Winter and spring, cold copulars, embrace
And forth the particulars of rapture come.
Music falls on the silence like a sense,
A passion that we feel, not understand.
Morning and afternoon are clasped together
And North and South are an intrinsic couple
And sun and rain a plural, like two lovers
That walk away as one in the greenest body.
In solitude the trumpets of solitude
Are not of another solitude resounding;
A little string speaks for a crowd of voices.
The partaker partakes of that which changes him.
The child that touches takes character from the thing,
The body, it touches. The captain and his men
Are one and the sailor and the sea are one.
Follow after, O my companion, my fellow, my self,
Sister and solace, brother and delight.
Canto V
On a blue island in a sky-wide water
The wild orange trees continued to bloom and to bear,
Long after the planter’s death. A few limes remained,
Where his house had fallen, three scraggy trees weighted
With garbled green. These were the planter’s turquoise
And his orange blotches, these were his zero green,
A green baked greener in the greenest sun.
These were his beaches, his sea-myrtles in
White sand, his patter of the long sea-slushes.
There was an island beyond him on which rested,
An island to the South, on which rested like
A mountain, a pineapple pungent as Cuban summer.
And la-bas, la-bas, the cool bananas grew,
Hung heavily on the great banana tree,
Which pierces clouds and bends on half the world.
He thought often of the land from which he came,
How that whole country was a melon, pink
If seen rightly and yet a possible red.
An unaffected man in a negative light
Could not have borne his labor nor have died
Sighing that he should leave the banjo’s twang.
Landscape with Boat
An anti-master man, floribund ascetic.
He brushed away the thunder, then the clouds,
Then the colossal illusion of heaven. Yet still
The sky was blue. He wanted imperceptible air.
He wanted to see. He wanted the eye to see
And not be touched by blue. He wanted to know,
A naked man who regarded himself in the glass
Of air, who looked for the world beneath the blue,
Without blue, without any turquoise hint or phase,
Any azure under-side or after-color. Nabob
Of bones, he rejected, he denied, to arrive
At the neutral center, the ominous element,
The single colored, colorless, primitive.
It was not as if the truth lay where he thought,
Like a phantom, in an uncreated night.
It was easier to think it lay there. If
It was nowhere else, it was there and because
It was nowhere else, its place had to be supposed,
Itself had to be supposed, a thing supposed
In a place supposed, a thing he reached
In a place that he reached, by rejecting what he saw
And denying what he heard.
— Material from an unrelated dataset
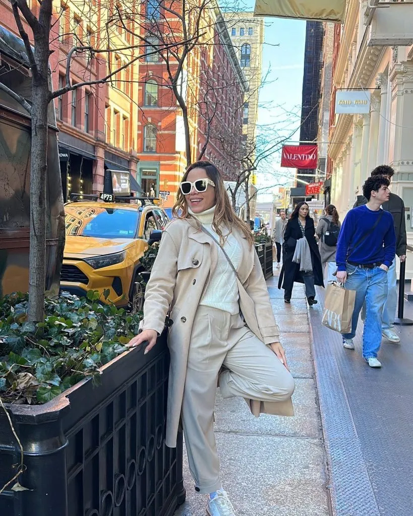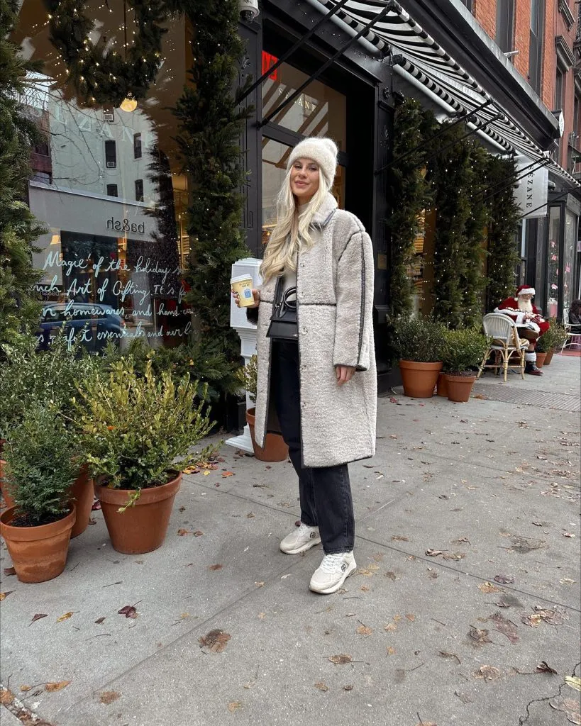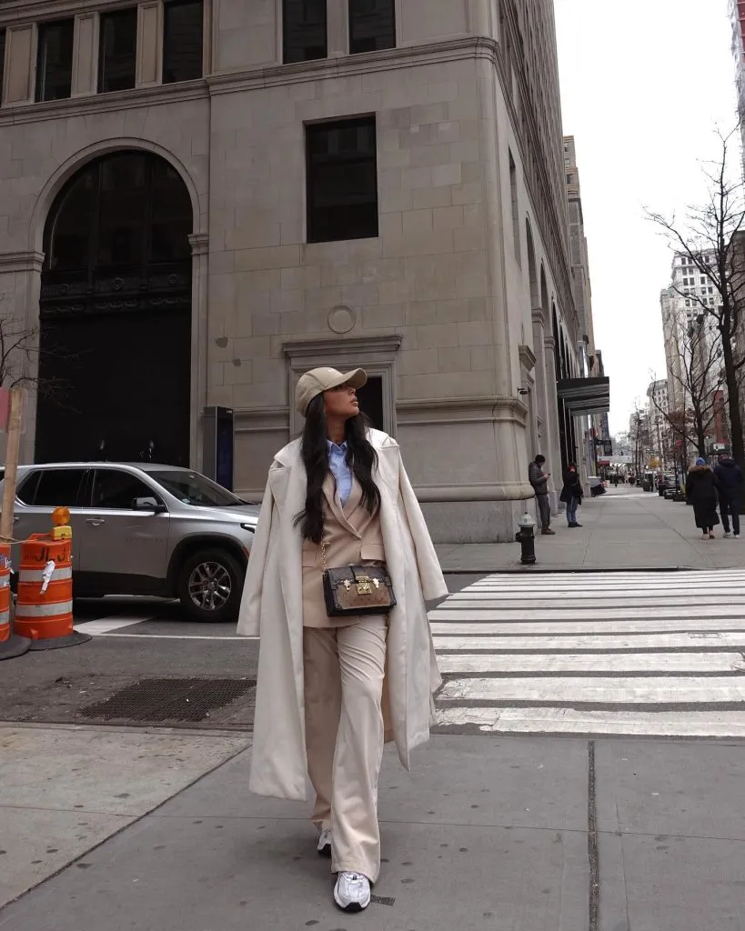 Wearing an oversized white coat in NYC makes you look elegant and confident. Adding a statement hat lifts the whole outfit, giving it a soft but sophisticated feel. This all-white look grabs attention without being too loud and lets your personality shine.

He would arrive.
He had only not to live, to walk in the dark,
To be projected by one void into
Another.
It was his nature to suppose
To receive what others had supposed, without
Accepting. He received what he denied.
But as truth to be accepted, he supposed
A truth beyond all truths.
He never supposed
That he might be truth, himself, or part of it,
That the things that he rejected might be part
And the irregular turquoise part, the perceptible blue
Grown dense, part, the eye so touched, so played
Upon by clouds, the ear so magnified
By thunder, parts, and all these things together,
Parts, and more things, parts. He never supposed divine
Things might not look divine, nor that if nothing
Was divine then all things were, the world itself,
And that if nothing was the truth, then all
Things were the truth, the world itself was the truth.
Had he been better able to suppose
He might sit on a sofa on a balcony
Above the Mediterranean, emerald
Becoming emeralds. He might watch the palms
Flap green ears in the heat. He might observe
A yellow wine and follow a steamer's track
And say, "The thing I hum appears to be
The rhythm of this celestial pantomime."